After amplifying the signals from each channeltron 7,
The arithmetic circuit 11 measured the sum of these signals. X
The radiation source is synchrotron orbital synchrotron radiation (electron energy*
2-5 G e V + orbital radius of 30 m), and further reflected by the rotating plane mirror 18 to widen the luminous flux of the synchrotron radiation beam (6.
6').

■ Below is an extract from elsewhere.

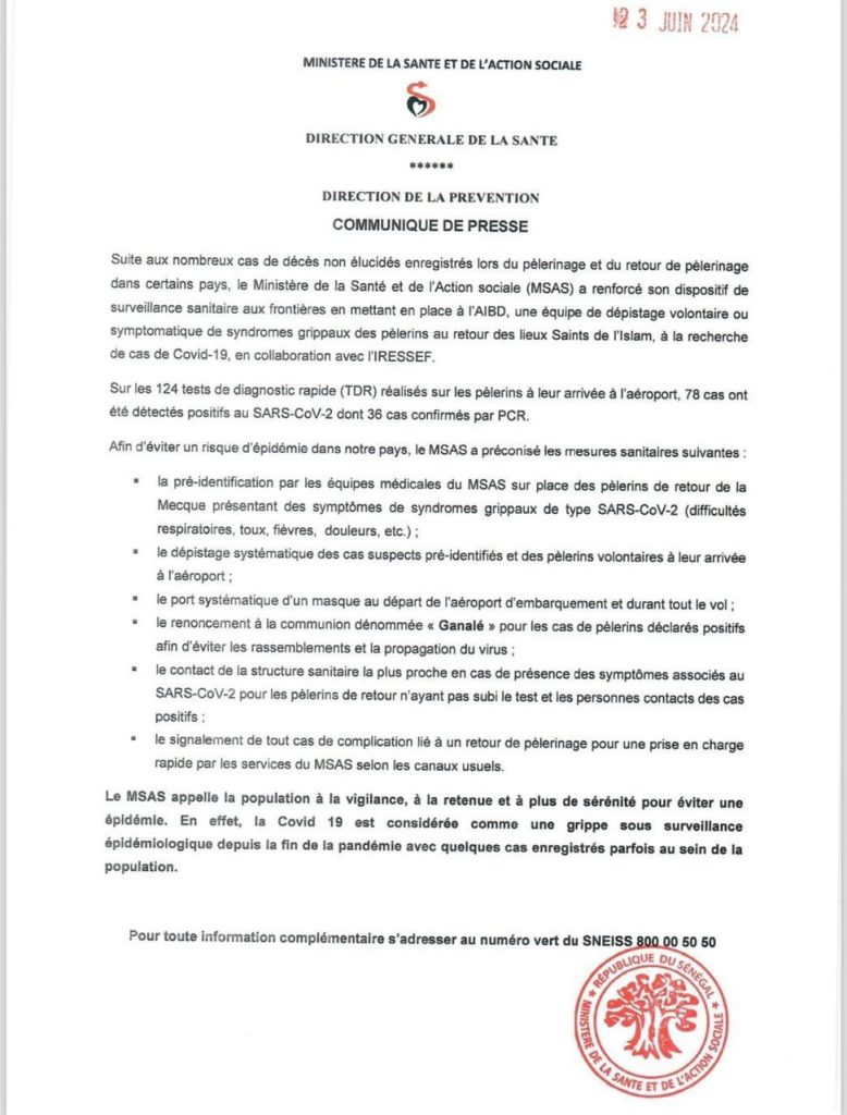 Suite aux nombreux cas de décès non élucidés enregistrés lors du pèlerinage et du retour de pèlerinage dans certains pays, le Ministère de la Santé et de l’Action sociale (MSAS) a renforcé son dispositif de surveillance sanitaire aux frontières en mettant en place à l’AIBD une équipe de dépistage volontaire ou symptomatique de syndromes grippaux des pèlerins au retour des lieux Saints de l’Islam, à la recherche de cas de Covid-19, en collaboration avec l’IRESSEF.

In other words, the reflected light beams 6 and 6' sweep over the photocathode surface as the tilt of the mirror changes over time.

Therefore, by measuring the temporal change in the intensity of the detection signal from the channeltron, it is possible to monitor the exposure intensity distribution of the broadened light beam.

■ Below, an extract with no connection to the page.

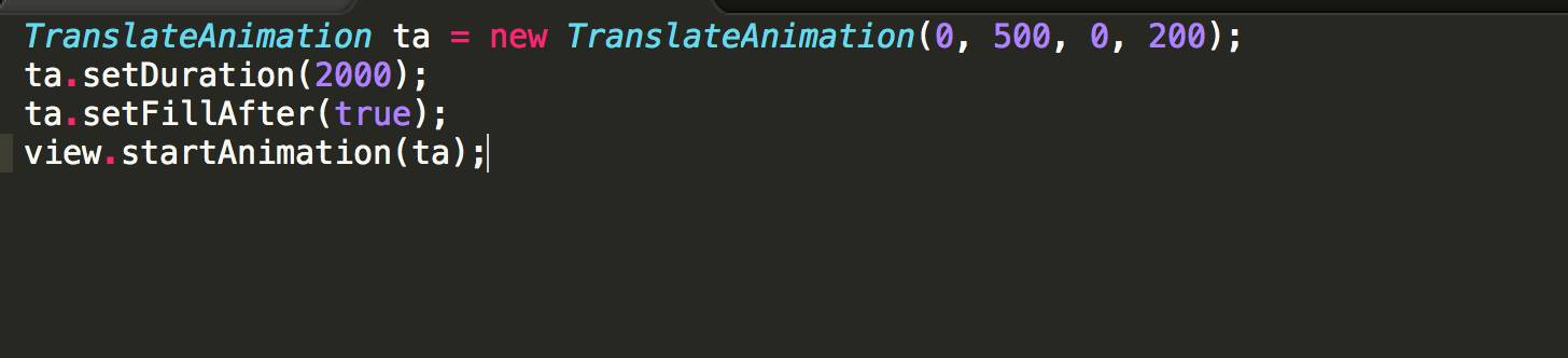 ObjectAnimator .ofFloat(view,"translationX",0,500) .setDuration(2000) .start(); ObjectAnimator .ofFloat(view,"translationY",0,500) .setDuration(2000) .start();
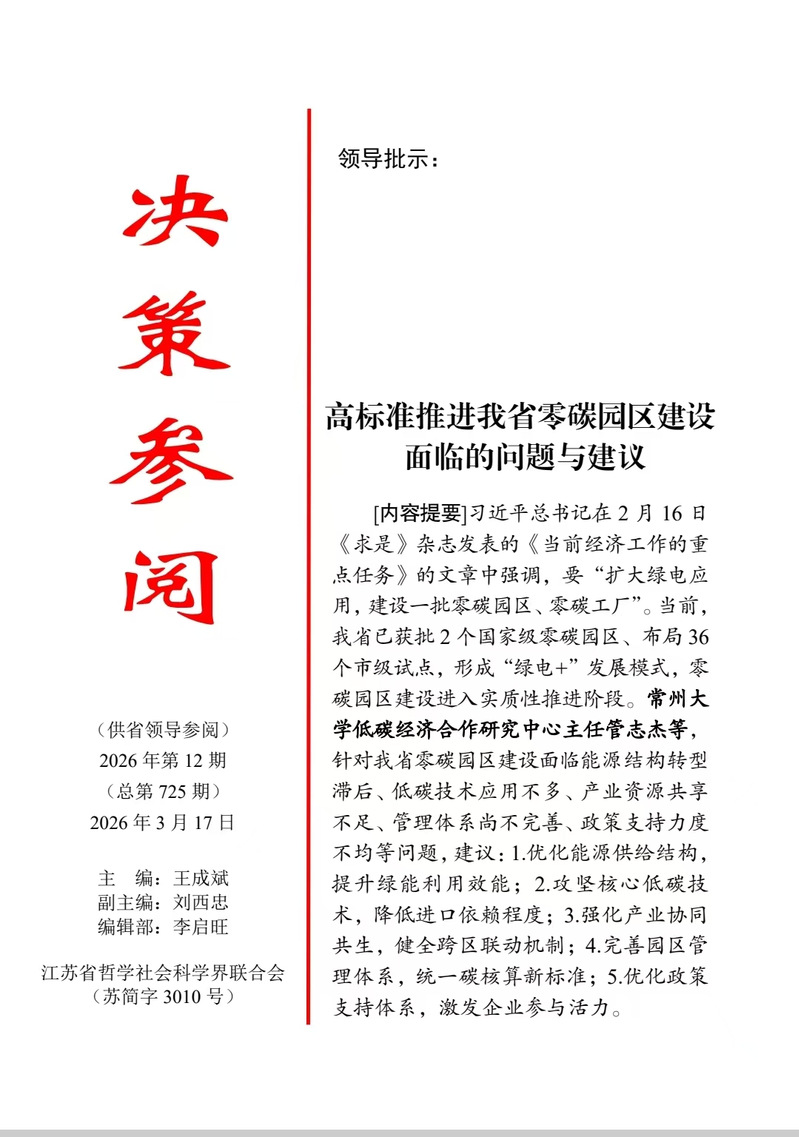 近日,51吃瓜网管志杰教授与国贸242班王博涵撰写的决策咨询报告《高标准推进我省零碳园区建设面临的问题与建议》在江苏省哲学社会科学界联合会内刊《决策参阅》2026年第12期发表,并获江苏副省级领导肯定性批示。

FIG. 3 shows the temporal change in signal voltage measured during exposure to synchrotron radiation.According to this embodiment, it is possible to monitor the light intensity distribution within the exposed surface simultaneously with the exposure of the sample resist.

The film thickness of the absorber that can be applied in the present invention is 5 to 1000.
People are the best. In other words, if the film thickness is less than 5 Å, the number of electrons generated is small and therefore cannot be detected, and if the thickness exceeds 1,000 people, the number of electrons generated becomes excessive and there are many reflected electrons in the exposure equipment. This may cause the resist to become sensitive, reducing pattern transfer performance.

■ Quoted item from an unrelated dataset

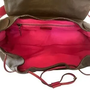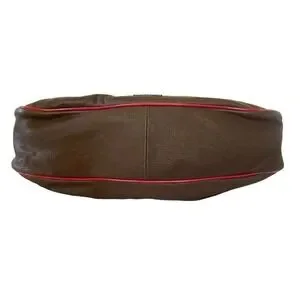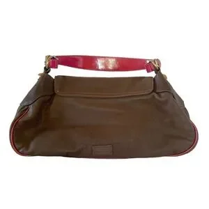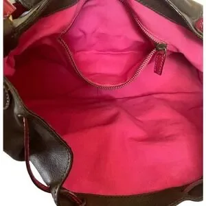 Supple brown leather body with bright magenta pink patent leather piping and trim.

Furthermore, as the absorber, heavy metals such as N15W could be used in addition to Au.

〔Effect of the invention〕

According to the present invention, since the exposure intensity and its distribution can be monitored at the same time as the resist is exposed to X-rays, there is a great effect on highly accurate control of resist pattern dimensions in X-ray lithography.

[Brief explanation of the drawing]

FIG. 1 is a configuration diagram of an intensity monitor means according to a first embodiment, and FIG. 2 is a configuration diagram of an intensity monitor means according to a second embodiment. 1...Si wafer, 2...X-ray resist, 3...
・Membrane, 4...Absorber, 5...Channeltron, 6°6'...X-ray, 7...Amplifier, 8...Voltmeter, 20...Be film, 30...・Au film, 18...
・Rotating mirror, 10...Amplifier, 11...Summing circuit, 12...Voltmeter,,'(□

Claims (1)

[Claims] 1. In an X-ray exposure device used in X-ray lithography that transfers a pattern on an X-ray mask, by detecting electrons emitted from an X-ray absorber in an area where the X-rays exist. An X-ray exposure apparatus characterized by having means for monitoring the intensity of the X-rays. 2. The X-ray device according to claim 1, wherein the X-ray absorber is an absorber pattern of the X-ray mask.
Line exposure equipment. 3. The X-ray exposure apparatus according to claim 1, wherein the X-ray absorber is a heavy metal film located in the region where the X-rays exist. 4. The X-ray exposure apparatus according to any one of claims 1 to 3, wherein the X-ray absorber has a thickness of 5 to 1,000 Å.